Saturday, April 17, 2010

Take Manhattan, just gimme that countryside


Actually, I love Manhattan. I've always fantasized about having a really cool little apartment right there in the middle of everything, and spending six months living in the city. Just six months, no longer. I'd be hating it by then and I don't want to hate NYC, it's the playground of my youth.

But living on our little farm is the greatest. THE GREATEST. I love the seasons, (well, three of them) and how the deer and the turkeys and the foxes and the coyotes and all the other varmints keep right on living here like they always did. I love every inch of the place, and even though we've only been here 3.5 years, I feel like I know every inch of it, too. There is nothing like spending a day doing stuff around the place, and finishing up and not wanting to go inside. Late, late sunsets (and it's not even summer yet!) really help to make the days seem endless and like there's plenty of time to do everything.

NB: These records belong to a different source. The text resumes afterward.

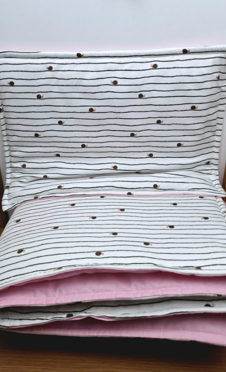 A takaró és a párna 150 g vatelinnel összevarrva készül, így a huzat és a bélés egy egységet alkot.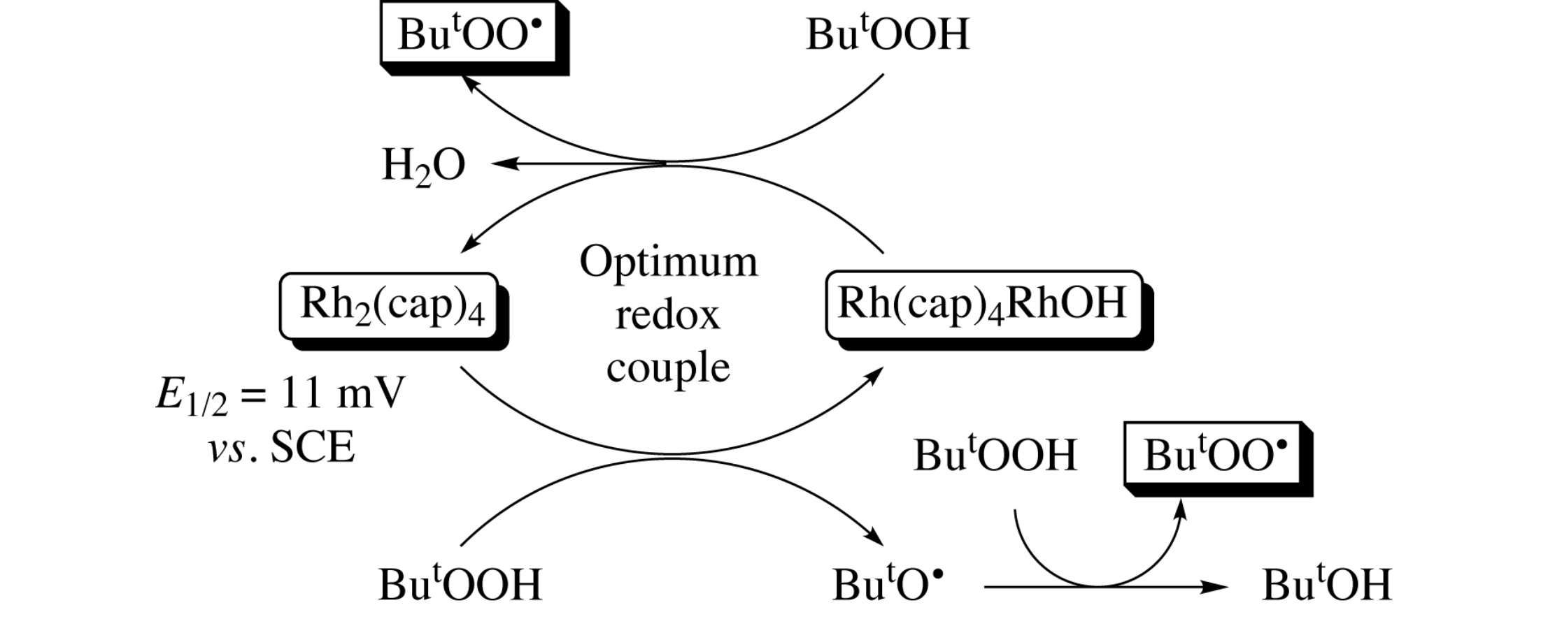 Oxidations with tert-butyl hydroperoxide (TBHP) catalyzed by dirhodium caprolactamate [Rh2(cap)4] provide mild and selective protocols for the oxidative Mannich reaction, conversion of secondary amines to imines, dearomatization of 4-substituted phenols, and oxyfunctionalization of allylic, benzylic, and propargylic positions. The dirhodium catalyst in combination with TBHP is a convenient platform for mechanistic investigations, and their uses point to a variety of directions for the future evolution of the field.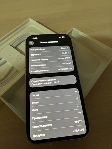 IPhone 17 Pro, 256 ГБ, цвет тёмно‑синий Характеристики и особенности: - Память: 256 ГБ (доступно ~236,7 ГБ на момент снимков экрана). - Экран с Dynamic Island. - Тройная система камер с вспышкой. ...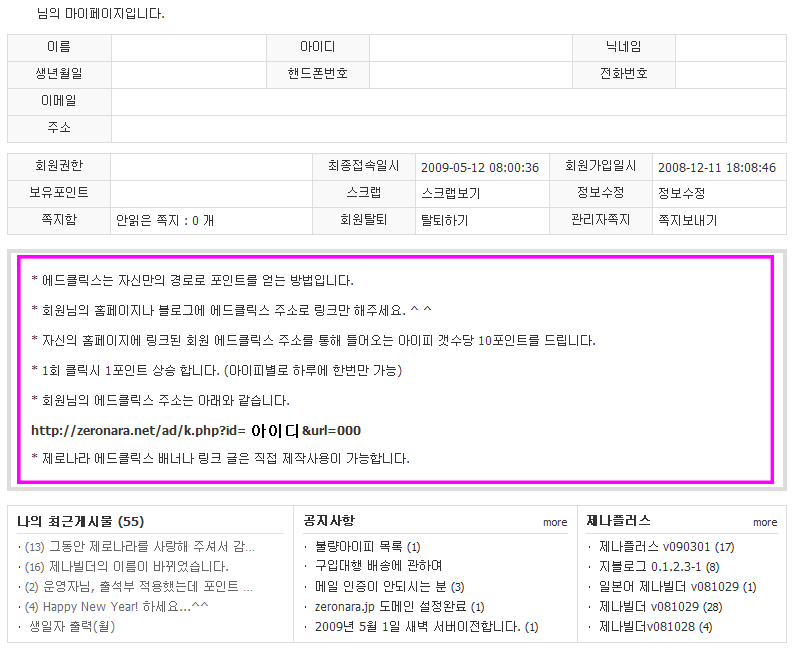 * 자신의 홈페이지에 링크된 회원 에드클릭스 주소를 통해 들어오는 아이피 갯수당 10포인트를 드립니다.<br>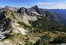 The Alpine Lakes Wilderness features some of the most rugged topography in the Cascade Range with craggy peaks and ridges, deep glacial valleys, and granite walls spotted with over 700 mountain lakes.[4] Geological events occurring many years ago created the diverse topography and drastic elevation changes over the Cascade Range leading to the various climate differences. These climate differences lead to vegetation variety defining the ecoregions in this area. The elevation range of this area is between about 1,000 feet (300 m) in the lower elevations to over 9,000 feet (2,700 m) on Mount Stuart.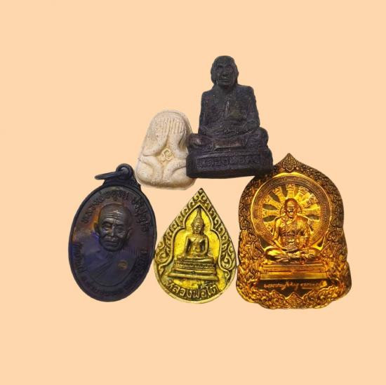 เคาะเดียว 3 เหรียญ 3หลวงพ่อ + พระผง 2 องค์ แท้ไม่ทราบรุ่น ไม่ทราบปีครับ |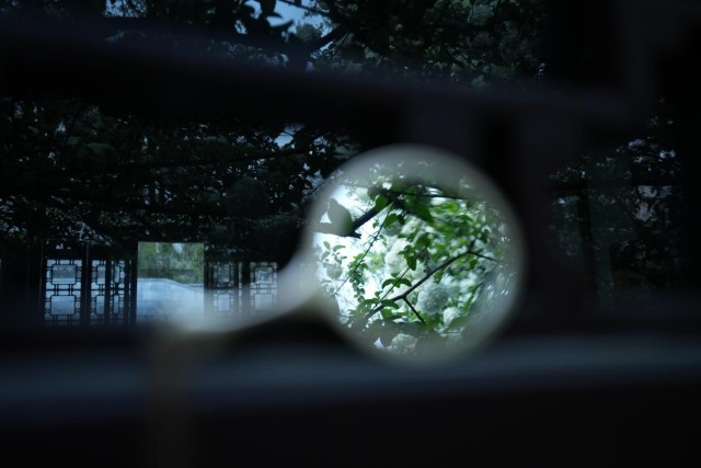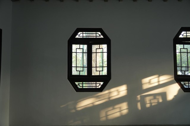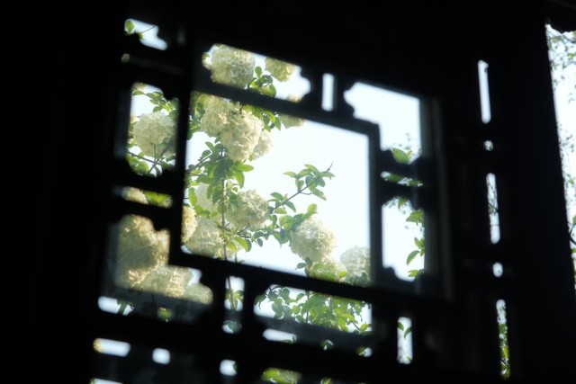 透过花窗,木绣球郁郁葱葱。邓宇轩 摄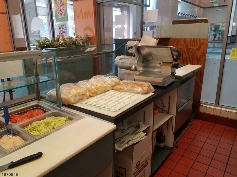 Great Location to make $$. Established 2 food businesses under one roof, Blimpie and free grill food or Pizza. Extra $$$ due to facilities in place for NJ State Lottery terminal. Have many loyal clientele, running business for more than 20 years. Very popular due to clean enviroment and good clean fast food and proximity to private and government office buildings. Store fixtures and equipment include counters, shelvings, cash register, walk-in freezer, 3 Chest freezer, walk in refrigerator, 2 slicers, 5 video camera plus videos surveillance system, and more. Store area is approximately 2.800 SF. Lots of chairs and table. Building has 24/7 security guard. Covered roof garage with 4 spaces. Own your business with a short time. Get your money invested back within 3 years.
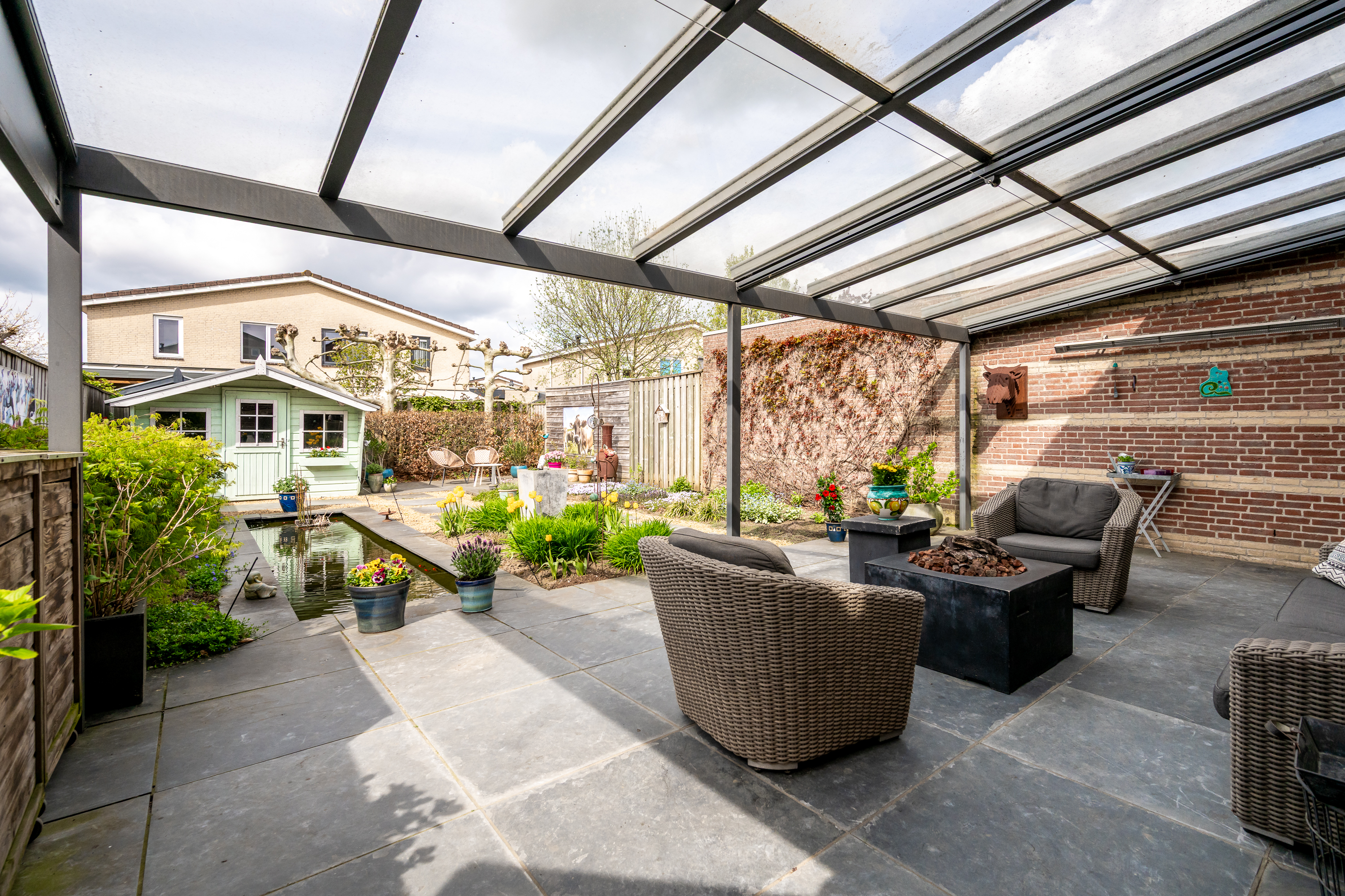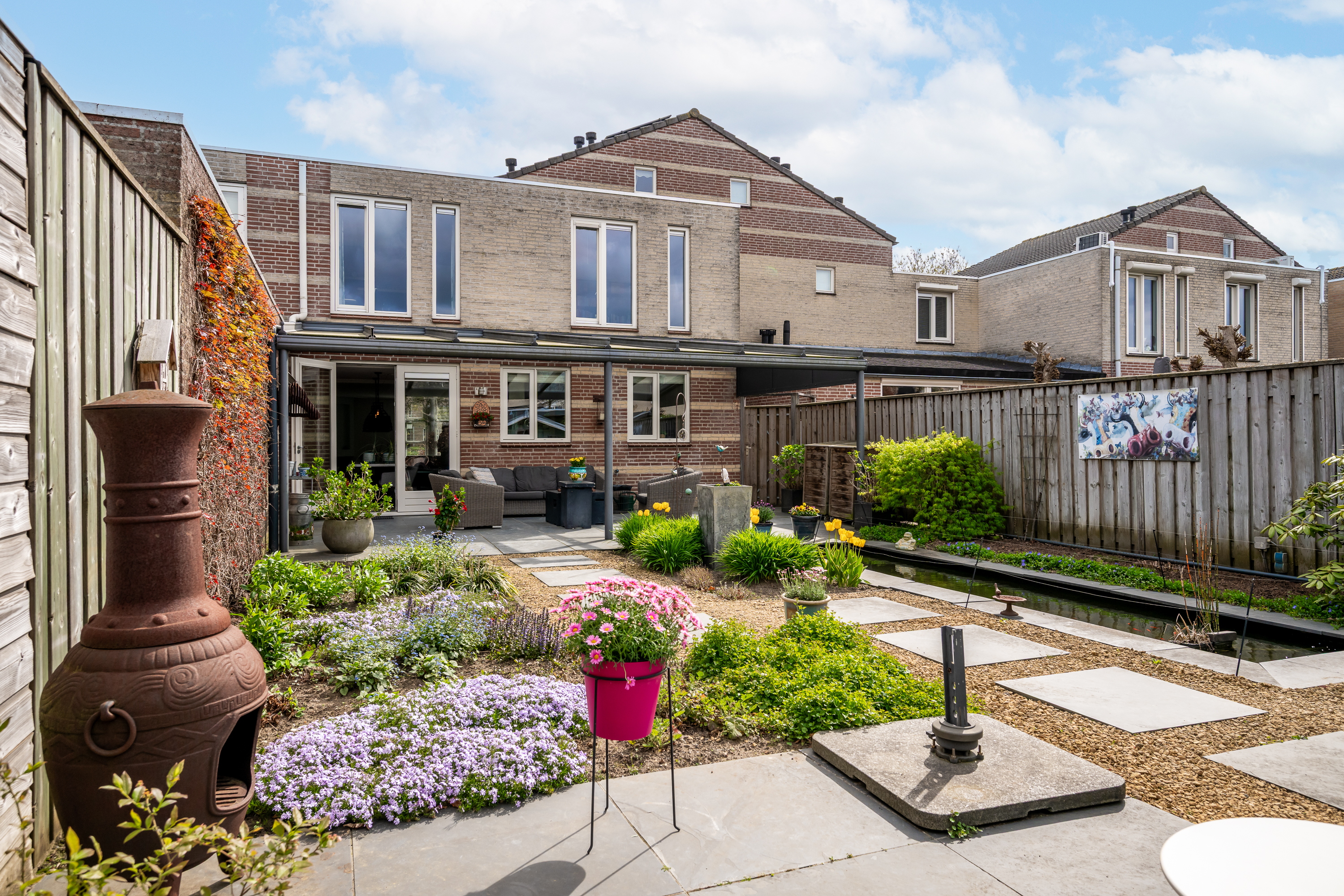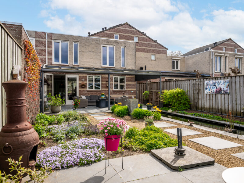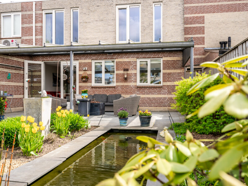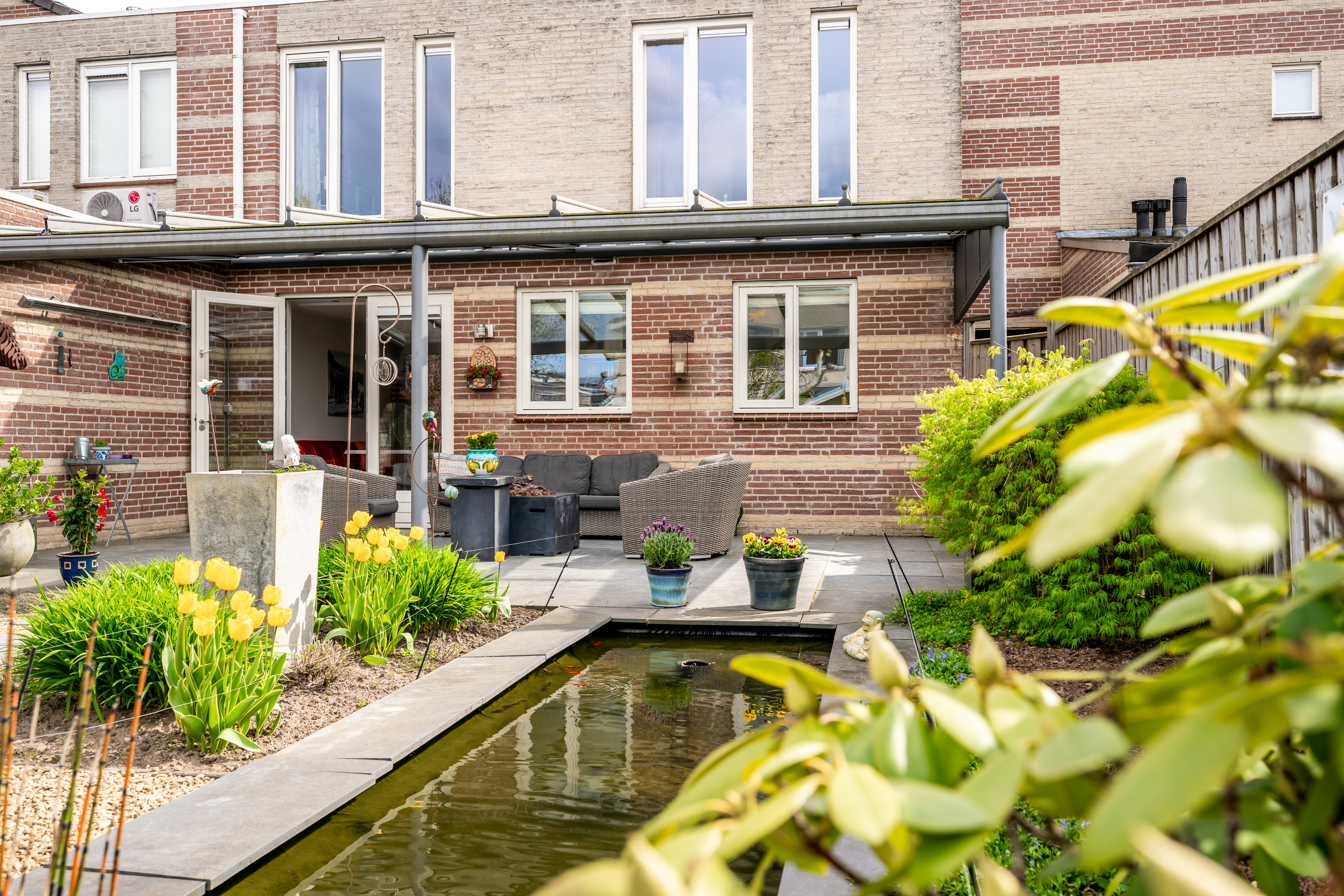 De tuin is ingericht met natuursteen, een VIJVER en diverse groene beplanting. Het terras achterin en de verschillende zones zorgen voor meerdere prettige zitplekken, waardoor u op ieder moment van de dag een passende plek vindt om van het buitenleven te genieten.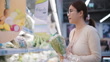 Fresh vegetables are good, nutritious food at supermarket and checking her shopping list - 4K stock video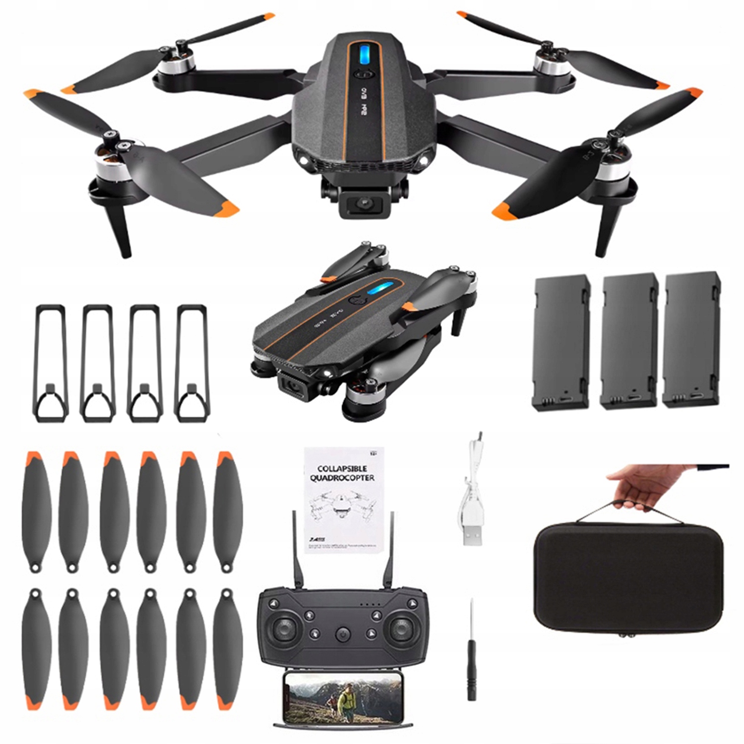 DRON 1080P Z PODWÓJNĄ KAMERĄ INTELIGENTNE UNIKANIE PRZESZKÓD TRYB BEZGŁOWY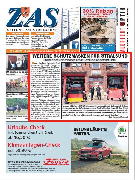 Die Stadtregierung von Stralsund hielt eine einfache und feierliche Empfangszeremonie ab. Der Bürgermeister Herr Badrow und das Notfallmanagementteam der Stadt hielten die Nationalflaggen Chinas und Deutschlands und dankten den chinesischen Freunden für ihre Unterstützung. Die Webseite der Stadtregierung und viele lokale Medien berichteten darüber. Die der Stralsund-Zeitung veröffentlichte am 28. Juni einen Bericht mit dem Titel Chinesische Stadt Hefei und Universität Hefei spenden weitere Schutzmasken für Stralsund und dankte für die großzügige Unterstützung unserer Universität im kritischen Moment der Epidemie.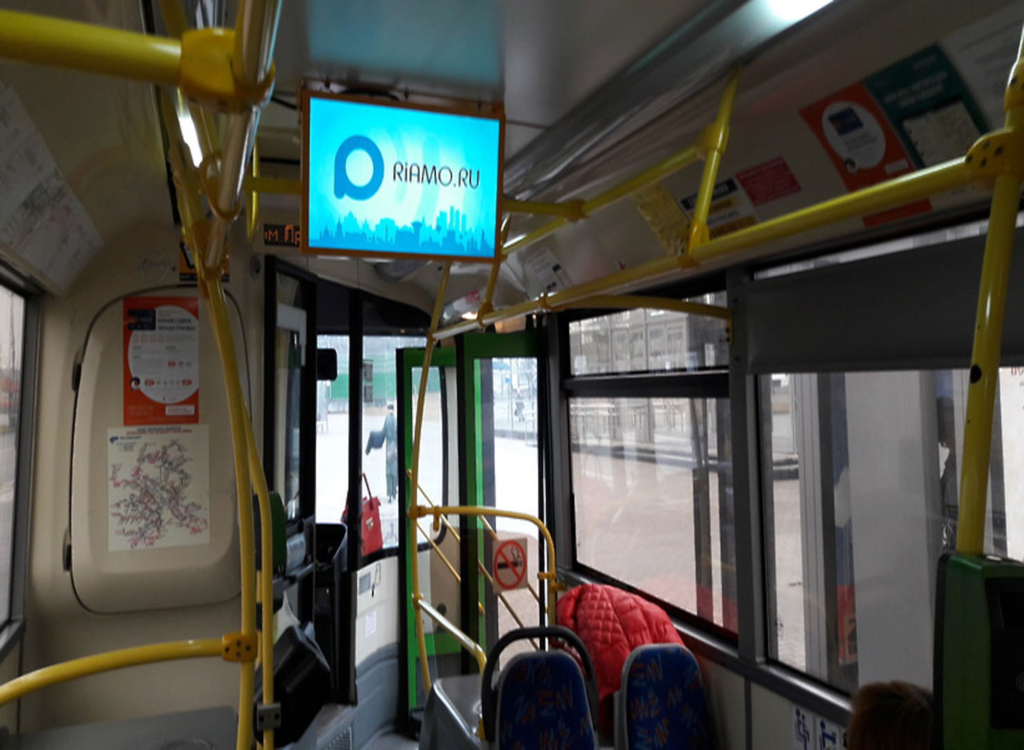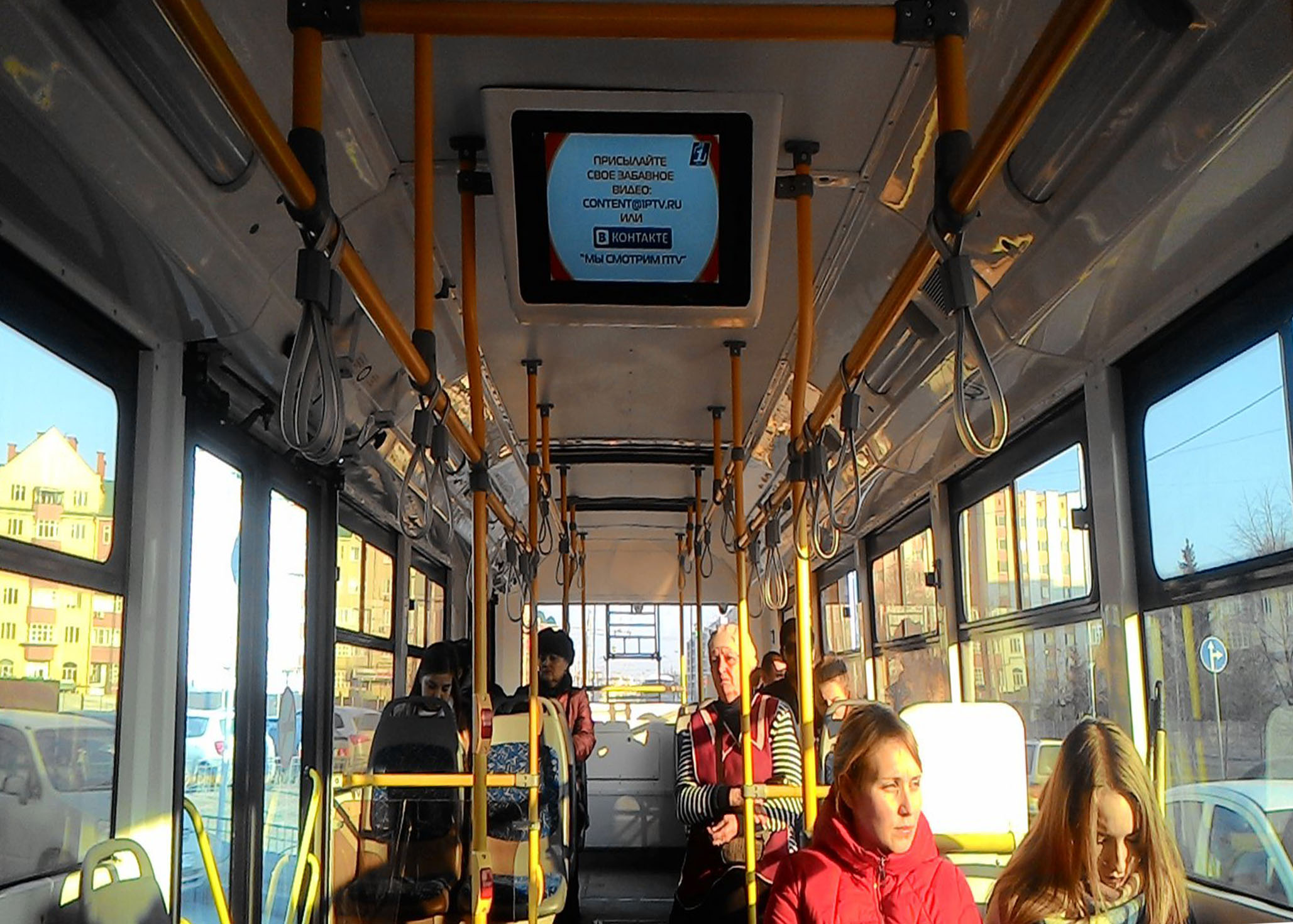 Реклама на мониторах в троллейбусе на фото выше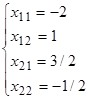 x11= -2; x12= 1; x21= 3/2; x22= -1/2

The current herd is settling in well and getting along: Daisy the pony, Keebler, and my farrier's wife's mare Heather, who is gigantically pregnant and staying here to foal. A win-win deal--I had a mare to keep the pony company all winter and someone to eat all the hay I bought last year AND I get free shoes and trims while she's here, and Mike and Kim get their mare looked after. This will be my third foal--the foaling stall is all ready (one of today's projects), the video camera is ready, and it's almost time to start the big countdown. She's due in early May.

Bonnie is spending the summer at GLEC and Erika is going to compete her, get her past that "almost Training level" point for me. I miss having her here; she's the real boss of this place and looks around in a more proprietary manner than I do when she's "home". There's not a turkey that walks out of the woods that she isn't aware of. The boss mare. Keebler has cheerfully adopted the duty of "stallion" and feels like it's his job to herd the two mares around with his head snaking along the ground and ears flat back, chasing the potentially horse-killing barn cats away from the herd. They humor him, both the cats and the mares. It's good for his ego, which actually needs no stroking.

Last weekend we went to Kentucky to the Spring Bay Horse Trials and he performed very admirably for a horse who hasn't gone cross country in almost two years. Turns out he's extremely agreeable out on cross country and perfectly easy in stadium. Dressage remains a work in progress, but we have definitely gotten somewhere these last few weeks. I need to find a dressage show somewhere. He'll love it.